Overview of pat2sf.c Source Code

David S. Lawyer

Nov. 1997

1. INTRODUCTION

The main program code for BitFontEdit is pat2sf. This a program which creates bit-mapped soft-fonts for terminals and printers (not yet working for printers). It is written in C and works for WYSE and VT220 type terminals (and a few others which can emulate these). For printers, only some code for HP PCL is included, but it's not finished and can't be used. To use this program one "draws" characters in an ordinary ASCII file using *'s for pixels. Any editor or word processor may be used for this purpose. This file with all the *'s (pixels) in it is called the "pattern" file. Then the program pat2sf (=PATern to SoftFont) scans this file and generates the soft-font code needed for downloading to a terminal or printer. The source code files used to generate pat2sf currently are: scan.c, encode.c, and pat2sf.h. When (and if) printer support is added there will likely be more files.

There are various "languages" used by printers and terminals. Examples for printers are Esc/P2 for Epson Printers (and compatibles) and PCL5 for HP Printers (and compatibles). Examples for terminals are WYSE and VT200. Each language has it own method of encoding. See the file font_langs.html.

My program operates on the pattern file in two stages. The first stage scans this file and puts the *'s (pixels) from this file into matrices in the computer memory. This is done by the code in the source file: scan.c. The second stage is to inspect these matrices and encode the *'s of the matrices (using the the appropriate language such as WYSE) into softfont. The is done by C functions in the file: encode.c. pat2sf.h is a header file for defining data types and symbolic constants, especially those common to both source code files. In order understand the rest of this document you should have at least an elementary knowledge of the C programming language.

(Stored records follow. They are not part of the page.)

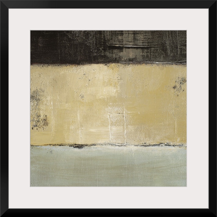 <p>This is a square abstract painting by a contemporary artist made with three stripes of neutral colors.</p>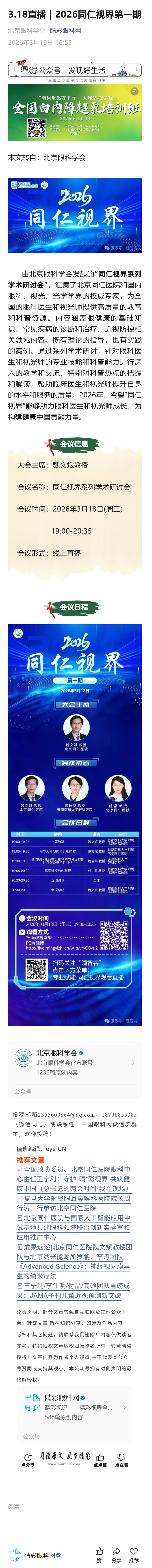 3.18直播 | 2026同仁视界第一期------2026-3-16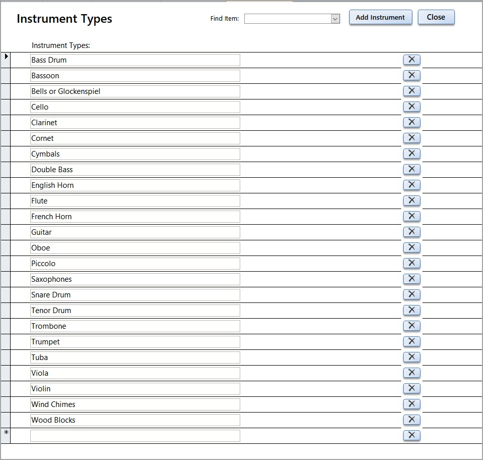 For example - The Instrument Types. You can add / edit or delete ("X") any instrument type from this list. When you go back to the Instruments form be sure to click on the "Refresh Lookups" button to refresh the data in the drop-down box.

The source code contains copious comments and header bars dividing the code up into short sections of various lengths. Each header bar has a title in it such as "parse & print header lines". You probably should study the source code as you read this document document. Header lines will be put in quotes in this document.

Since my font program is not expected to be used by a large number of people, it is not worthwhile to provide it with an "idiot proof" user interface or an extensive help system. Thus it uses a simple command line interface with some interactive dialog in case of certain errors.

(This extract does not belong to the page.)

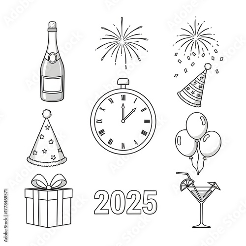 Stock vector illustration of a vintage champagne bottle and glass for a New Year celebration party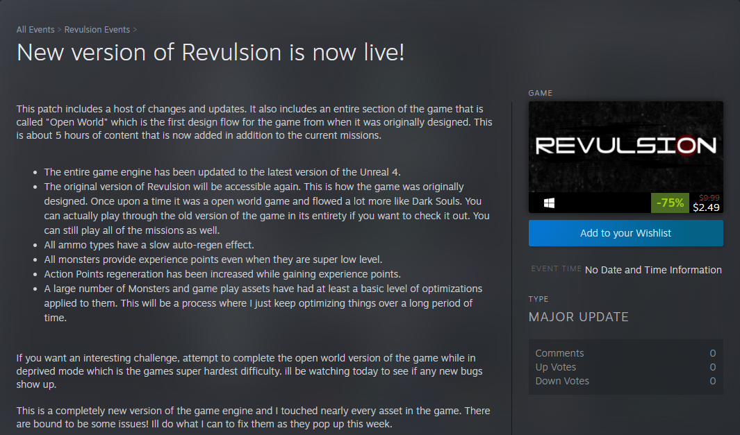 The original version of Revulsion will be accessible again. This is how the game was originally designed. Once upon a time it was a open world game and flowed a lot more like Dark Souls. You can actually play through the old version of the game in its entirety if you want to check it out. You can still play all of the missions as well.

This document is often not changed when changes are made to the source code so sometimes you may see obsolete variable names, etc Once changes pile up (every year or so?) it's hopefully revised.

2. SCAN.C main()

First let's examine the scan.c file. This contains the main() function which gets things going, the fill_band() function which reads the pixels and puts them into matrices, and a number of functions to report errors in the layout of the pattern file. It then calls on functions in encode.c to do the actual encoding. You might think that only a few pages of source code are required for scan.c. This might be possible if one were to omit extensive documentation and error checking. The actual size of scan.c is now about 13 pages of paper and growing.

Before main() starts about 2 pages (100 lines) of code are used for declaring global and static variables, and also for forward declarations (function prototypes) of functions. Next comes main() starting off with a half-page of local (automatic) variables used in main().

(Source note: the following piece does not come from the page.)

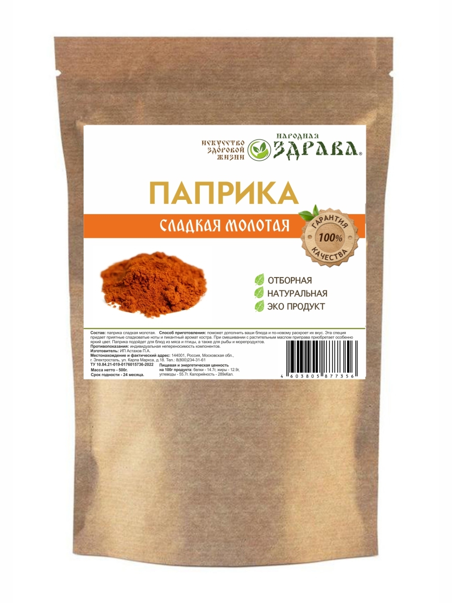 Паприка сладкая молотая 500г. Народная Здрава

The program keeps track of which line number (line_no) of the pattern file it is scanning. It does this by the foffset[] vector which maps line numbers to location in the file. At various place in scan.c you will see line_no being bumped and the foffset[] being set by calls to ftell() which returns (tells) the current location in the file. The location is needed in err_show_and_tell() where lines from the pattern file that are incorrectly formated (err => error) are displayed to the user.

The first task of main() is to parse the command line using the C getopt_long() function. It doesn't get all the options however, but saves the options specific to the particular device language for parsing later by functions in encode.c. These device-specific options are placed after the name of the pattern_file on the command line while the general options are placed prior to the pattern_file. Actually, the device-specific options just remain where they were (pointed to by argv[]) and the optind (comes with the getopt_long() function) index is set to point to them so that getopt_long() may be called again from encode.c and it will resume parsing the command line at the location where it left off.

Then the options are examined. One case is "caseH (help)". If one asks for help or wants to display the version no., no attempt should be made to run the program. This is tested by: if i == 0 AOK. If no lang parameter was given to help display usage & exit. If the lang == "list" display the list of Langs by calling ListLangs() in encode.c. "get & test lang" gets a language from the command line but exits if it is null.

There are a number of function pointers in scan.c the most important of which encodes a character matrix of *'s to soft-font. It's named encodeChP(). These functions are for any font language and must be set "set funct ptrs" to point to the language-specific function defined in encode.c. This is done by passing the addresses of the function pointers to Set_Fptrs() found in encode.c. This function put the address of the actual functions to be used into the function pointers of scan.c. If the language is invalid (or perhaps out of place on the command line) Set_Fptrs() will catch it and exit.

Next the options specific to the particular font language (from the command line) are read, set and returned (to the string lang_opts) by calling encodeChP() with the flag SETOPTS. The options set are static variables in encodeChP() which remain until it is called again to do the actual encoding. We can't call on it to encode now since the pattern file has not been scanned yet. It would be pointless to do the work of scanning the pattern file first only to find that either the language was invalid or that the language specific options were invalid.

Next (unless we are using standard input) we "open pattern file" and look for "garbage at end of cmd line". Some input data is provided from the pattern_file besides just the pixels. The Cell_Height, Cell_Width and Chars_Per_Band must be specified by numbers typed into the pattern file. The Chars_Per_Band are the number of character matrices which are in a single row in the pattern file (often 8 for low resolution terminal font). In "parse & print header lines" the above information in header_1 is obtained. header_2 is a comment which is read and echoed to the screen. For details, see the manual section: "pattern input file format".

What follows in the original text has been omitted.